Os países em geral têm aumentado suas despesas por conta da crise causada pela pandemia do novo coronavírus. Coube ao poder público amparar a população atingida por esse cenário crítico.
A crise levou diversas pessoas a perderem seus empregos e ao fechamento de diversas empresas em países ao redor do mundo e os governos buscaram de diferentes maneiras apoiar a população mais vulnerável e as empresas em dificuldade. No Brasil não foi diferente.
Antes da pandemia o governo vinha realizando uma série de medidas com o objetivo de melhorar as contas públicas e reduzir o déficit fiscal. Dentre as medidas, destacam-se a adoção do teto dos gastos públicos, a qual passou a valer em 2017 e a reforma da previdência a qual passou a vigorar este ano.
Outras medidas, ainda no papel, também merecem destaque como a reforma administrativa, por exemplo, a qual se mostra extremamente importante para nossa retomada e defendo em outro texto dessa coluna.
Porém, é fato que esse cenário já não é o mesmo. Não bastasse a queda da arrecadação por conta do fechamento das empresas, houve uma ampliação dos gastos diante da urgência exigida elas áreas de saúde e economia, abandonando temporariamente o compromisso com o ajuste fiscal.
Considerando o auxílio emergencial, os repasses a área de saúde, os programas de crédito e o apoio aos estados e municípios, o governo havia previsto até 23 de junho gastar mais de R$ 400 bilhões no combate à pandemia (sendo que nem todo o montante ainda foi executado).

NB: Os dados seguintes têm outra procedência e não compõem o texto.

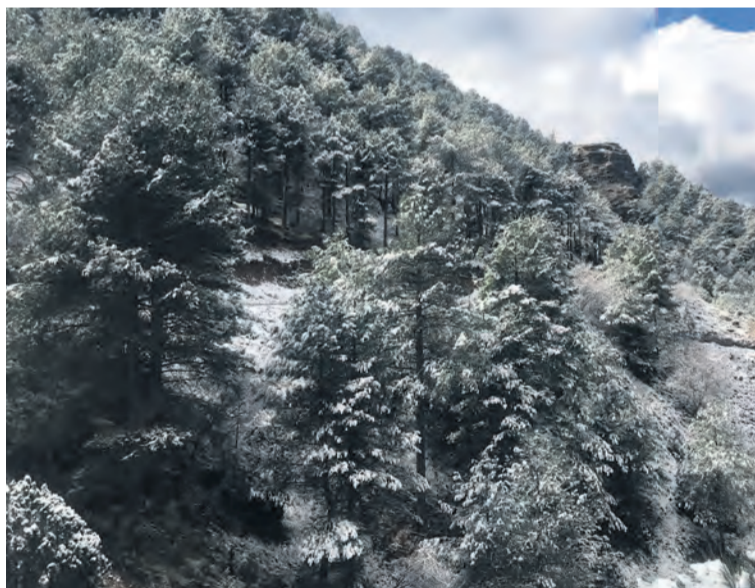
La nevada dejó una fina capa de nieve en el campo y los tejados. José Blanch

Finalmente, la nieve se dejó ver en el Matarraña. En la noche del viernes la cota de nieve bajó a los 700 metros y localidades como Monroyo u Peñarroya cubrieron sus calles y tejados con una fina capa de nieve.
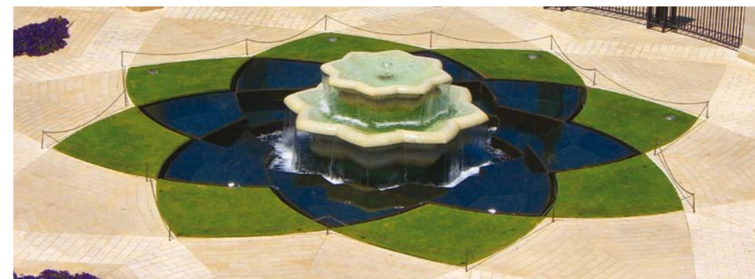
1. Terrasse vom Schrein des Báb

Nach Auffassung der Bahá'í haben sich mit dem Kommen Bahá'u'lláhs die alt- und neutestamentarischen Verheißungen erfüllt. Die Lehren der Gottesoffenbarer stimmen in ihren Grundzügen überein. Bahá'u'lláh erfüllt sie mit neuem Leben und ergänzt sie durch solche, die der Stufe der bevorstehenden Reife der menschlichen Gesellschaft angemessen sind.
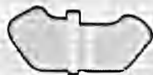
Mina Mariposa O'Butterfly

La mina que produce onda de choque, contiene suficiente explosivo para causar heridas mortales. Algunas están diseñadas de tal manera que es prácticamente imposible desactivarlas.
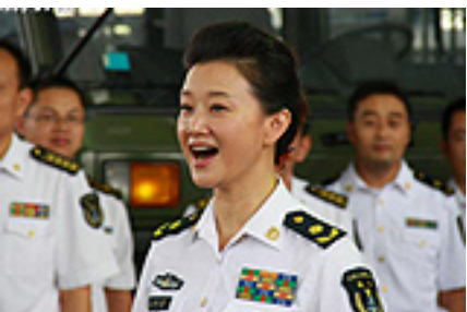
宋祖英升职后首次率团亮相
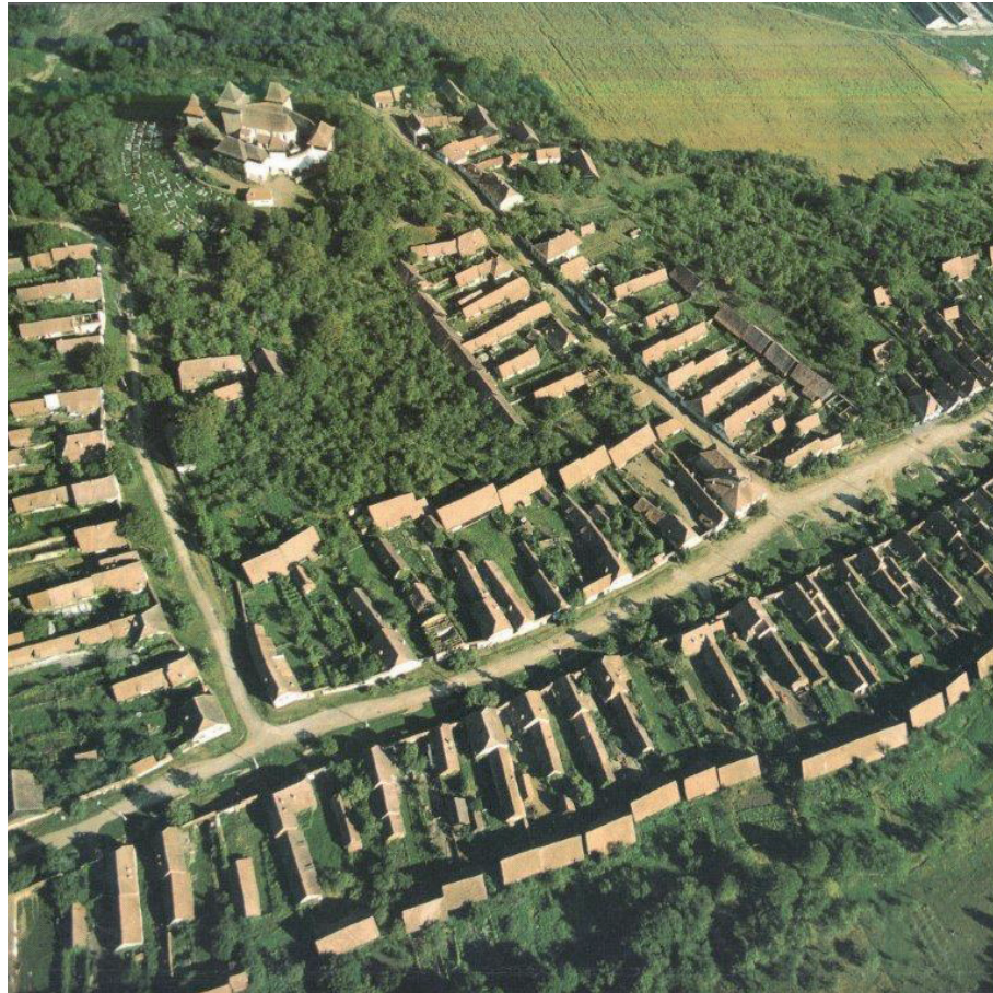
Fig. 2. Viscri (da G. Gerster, M. Rill, Siebenbürgen im Flug. Das deutsche Siedlungsgebiet: seine Kirchenburgen, Dörfer, Städte und Landschaften , Edition Wort und Welt, München, 1999).

Con l'ingresso della Romania nell'Unione Europea (2007), il fenomeno dello spopolamento di questi territori accompagnato da processi di emigrazione verso altri paesi europei non accenna a diminuire. Secondo alcune stime, la popolazione "sassone" di Transilvania, che nel 1930 contava 240.000 unità su un totale di 3.200.000 abitanti, non raggiungerebbe oggi le 20.000 unità, che condividono gli spazi insediativi con altre comunità scarsamente integrate: serbi, ungheresi, ucraini e romeni, e un imprecisato numero di rom. La principale concentrazione insediativa si trova all'interno della zona collinare tra Sibiu, Sighișoara e Fagaras, e due minori si attestano lungo gli storici confini della Transilvania ad oriente e settentrione, a riprova della funzione difensiva svolta dai villaggi agli inizi del secondo millennio.
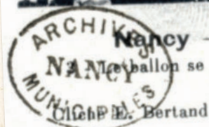
Nancy — L'Accident du Ballon (14 Juillet 1908) Le ballon se dégonfle. - Les pompiers arrivent avec l'échelle Gugumus
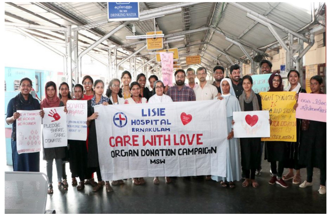
Organ Donation Campaign by MSW Department at Ernakulam North Railway Station, took place on 16 January 2020
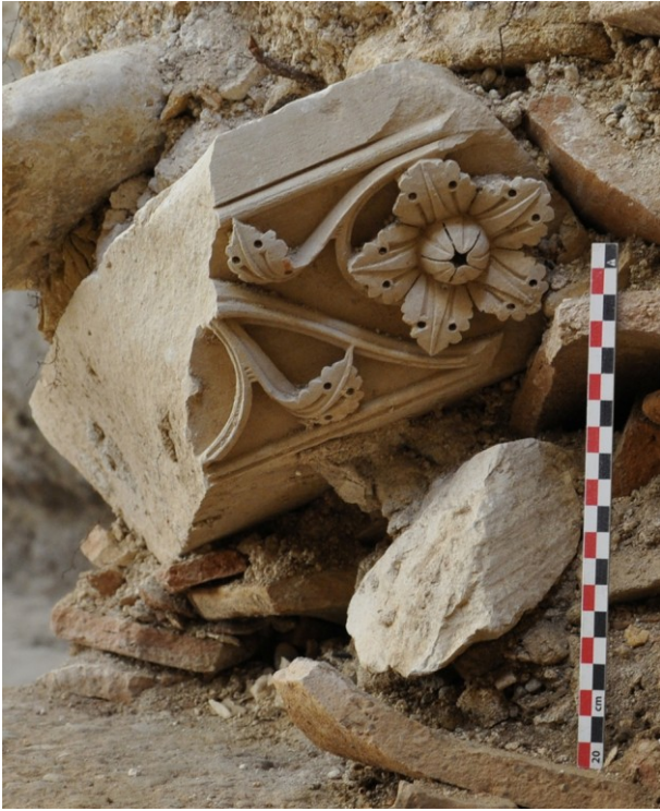
Fig. 10 : Le tailloir 23213-1 au moment de sa découverte dans les couches de destruction de la galerie. (Cliché L. Schneider 2013)

Isso só foi possível graças ao reconhecimento de calamidade pública e a aprovação do chamado orçamento de guerra, possibilitando à União elevar suas despesas, aumentar o endividamento e descumprir metas e regras fiscais.

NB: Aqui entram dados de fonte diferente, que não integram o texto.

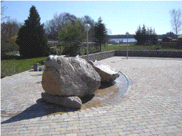
Kunstværket – ” Søkoen ” på Tange Torv
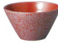
49621-101 銀彩唐草(赤)アイスベール 4,500円 (22.2×12.5cm)
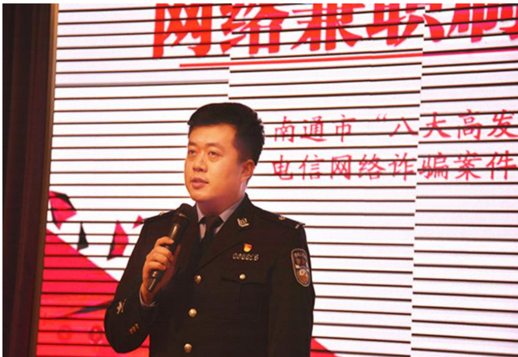
图14 “警民同心 反诈青春行”为主题的反诈宣讲
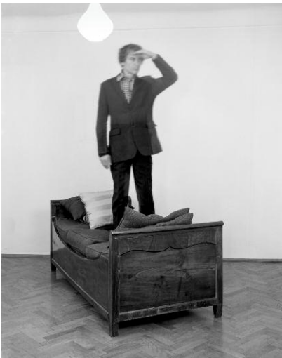
09_Pictures Inside Me (Auf dem Bett / On the Bed), 2013, Ultrachrome-Print auf / on Tyvek 170 x 135 cm
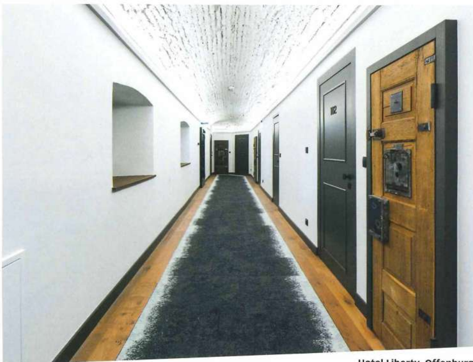
Hotel Liberty, Offenburg Früher Flure in Gefangenschaft heute Wege in die Freiheit The corridor into captivity in the past, today a path into the liberty.
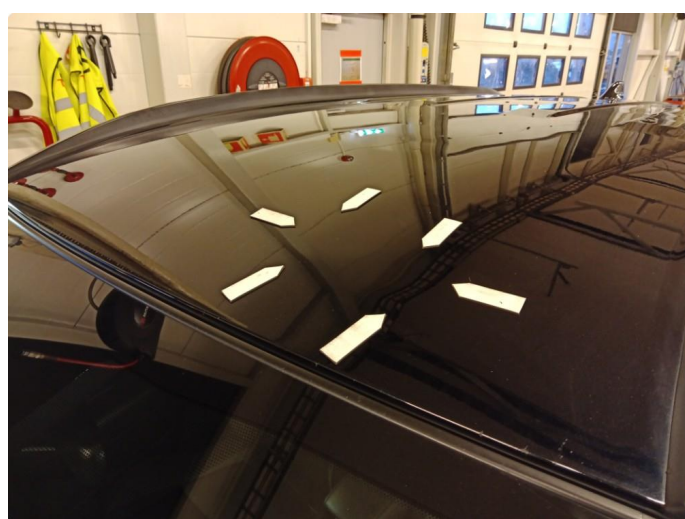
1.4 Flere bulker i tak.74000kr.
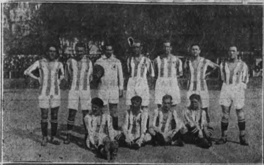
SAN SEBASTIAN.—Equipo de «foot-ball», Real Sociedad que contendió con el F. C. Barcelona.
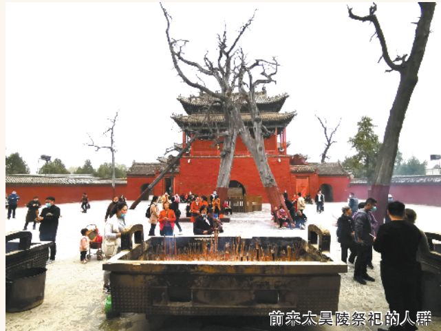
前寨太昊陵祭祀的人群
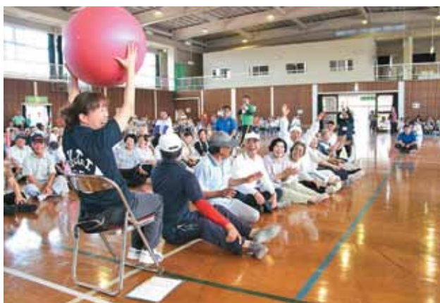
競技を行う参加者

Esse aumento das despesas tem um impacto considerável nas contas públicas. A diferença entre as despesas e a arrecadação das contas do governo central (Tesouro, Banco Central e Previdência Social) no mês de maio foi de R$ 126,6 bilhões.
Para se ter uma ideia, a equipe econômica tinha como meta, antes da pandemia, ter um déficit de R$ 124,1 bilhões ao longo de todo o ano de 20201. Fica mais do que comprovado dessa forma a grandeza do aumento de gastos que a crise sanitária ocasionou, apresentando um déficit primário recorde. Com esse aumento dos gastos, o governo se vê obrigado a tomar empréstimos e se endividar ainda mais.
As projeções do IPEA
O IPEA calculou que a Dívida Bruta do Governo Geral1 – que contabiliza governo federal e os governos estaduais e municipais, e exclui o Banco Central e as empresas estatais – deve subir para 93,7% do PIB (Produto Interno Bruto) até o final de 2020. Isso representa um aumento de quase 18 pontos percentuais em relação ao final de 2019 (75,8%), mostrando o significativo impacto da pandemia.
A relação dívida/PIB é sempre utilizada para se avaliar a saúde das finanças públicas uma vez que ela compara a magnitude de tudo o que o país deve com o quanto ele consegue produzir de riqueza durante um determinado período, geralmente por ano.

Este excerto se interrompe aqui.